Before you start — revise these

A 5-minute refresher here will save you 30 minutes of confusion below.

Social Justice

"Justice is the first virtue of social institutions, as truth is of systems of thought." — John Rawls

1. Chapter Overview

What makes a society JUST? This chapter explores: What does SOCIAL JUSTICE mean? How should goods, opportunities, and rights be distributed?
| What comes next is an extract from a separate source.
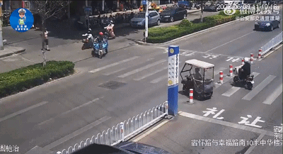 将正在横过道路的电动车和电动三轮车同时撞翻

It discusses John Rawls' Theory of Justice (the most influential 20th-century theory), different principles of distribution (equal treatment, need-based, merit-based), and how the INDIAN CONSTITUTION pursues justice — especially for the most marginalised.


2. What Is Social Justice?

  • The fair distribution of: RESOURCES (wealth, income), OPPORTUNITIES (education, jobs), and SOCIAL DIGNITY (status, respect)
  • Justice is NOT just about what individuals DESERVE — it's about how SOCIETY is structured
  • A just society: (a) protects EQUAL RIGHTS for all, (b) ensures a MINIMUM standard of living, (c) addresses HISTORICAL INJUSTICES

3. Principles of Distributive Justice

  1. Equal treatment: Everyone gets the SAME. Problem: ignores different needs and starting positions.
  2. Merit-based: Distribution by EFFORT, TALENT, or CONTRIBUTION. Problem: 'merit' is shaped by PRIVILEGE (good schools, nutrition, family support). Is 'natural talent' deserved?
  3. Need-based: Distribution according to NEED. Problem: who defines what 'needs' are? Can create dependency?

Most real-world systems COMBINE these principles.


4. John Rawls — 'A Theory of Justice' (1971)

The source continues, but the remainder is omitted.